La scénographie bien construite avec nombre de marches un peu partout, est au diapason, c’est à dire aussi compliquée que le scénario, ce qui ne facilite pas la circulation des acteurs. Charlotte Lagrange assure aussi la mise en scène et n’a pas oublié de faire envoyer des fumigènes à gogo ( les vapeurs de l’onsen?) et de munir ses acteurs de micros HF. Le truc à la mode qui n’arrange jamais les choses. Elle dirige comme elle peut ses acteurs, c’est à dire pas bien et sans beaucoup de rythme. Clara Lama Schmit (Diane) et Julie Pilod ( Laïa) ont de l’énergie et arrivent à être crédibles, malgré un dialogue assez plat à hauteur de Plus belle la vie. Rodolphe Poulain, lui, semble moins à l’aise dans la peau de cet Etienne, architecte désabusé qui se fait rouler par sa jeune collaboratrice. Gen Shimaoka a une belle silhouette mais un fort accent japonais : on le comprend donc très mal !

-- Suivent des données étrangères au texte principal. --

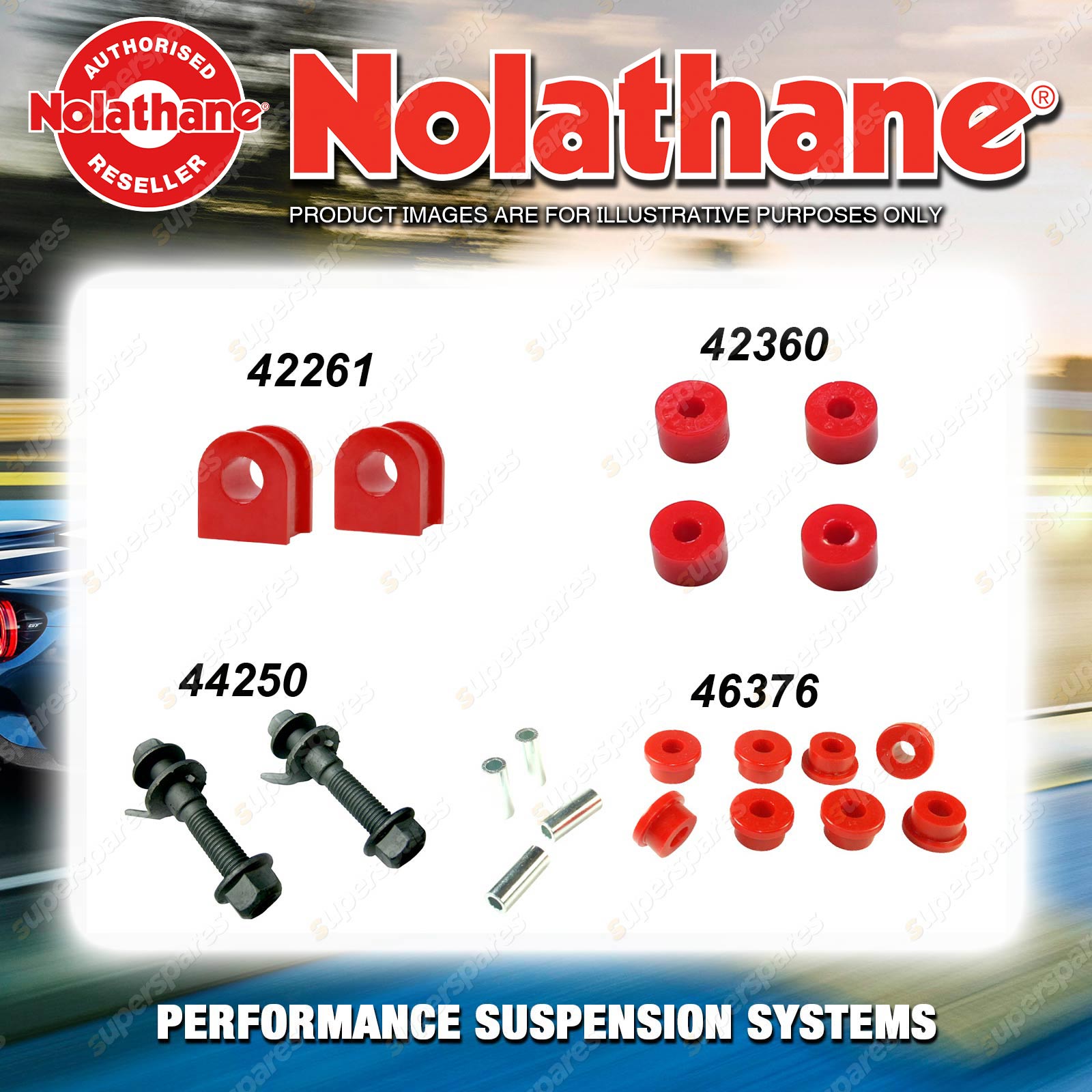 | Nolathane offers a complete range of suspension system.And Nolathane suspension bushing synchronise your suspension system for optimal safety, hangdling and performance .Whether you intend to build a Street Machine, Fast 4, go bush or simply drive to work,suspension bushes are the link between your vehicle and it's springs,struts and shock absorbers.Suspension bushes provide the movement and/or mounting points in your vehicle's suspension system. |

Que sauver de ce texte assez vite ennuyeux -du genre kaléidoscopique mais mal maîtrisé- auquel il manque un fil rouge (pas sanguin !)? Peut-être quelques brèves scènes entre Etienne et Diane, ou encore entre Laïa et Etienne. Pour le reste, ce mélange de temps et d’espaces différents avec ce couteau plein de sang qui revient comme un leit-motiv pas du genre léger et un scénario qui part en vrille, ne nous ont pas convaincu. Les spectateurs semblaient patients mais tétanisés et ont applaudi très mollement cette pièce indigeste dont on peut se demander comment elle a pu avoir les honneurs de Théâtre Ouvert.

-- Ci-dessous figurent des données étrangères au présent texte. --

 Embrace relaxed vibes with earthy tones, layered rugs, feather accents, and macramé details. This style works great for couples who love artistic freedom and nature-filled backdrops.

Charlotte Lagrange déclare assez prétentieusement qu’ « en travaillant sur des temporalité mêlées, j’aimerais savoir comment on hérite d’une idéologie qui s’est inscrite dans les parties souterraines de nos êtres et de nos perceptions du monde, »(…) Tous aux abris !
Libre à elle de se poser toutes les questions esthético-métaphysico-morales sur fond de sauce japonisant, par écrit et dans le sabir qu’elle souhaite, mais surtout pas dans un dialogue sur un plateau et en laissant le public sur la route.
Philippe du Vignal
Jusqu’au 19 mars, Théâtre Ouvert 159 avenue Gambetta, Paris XX ème. . T. : 01 42 55 55 50.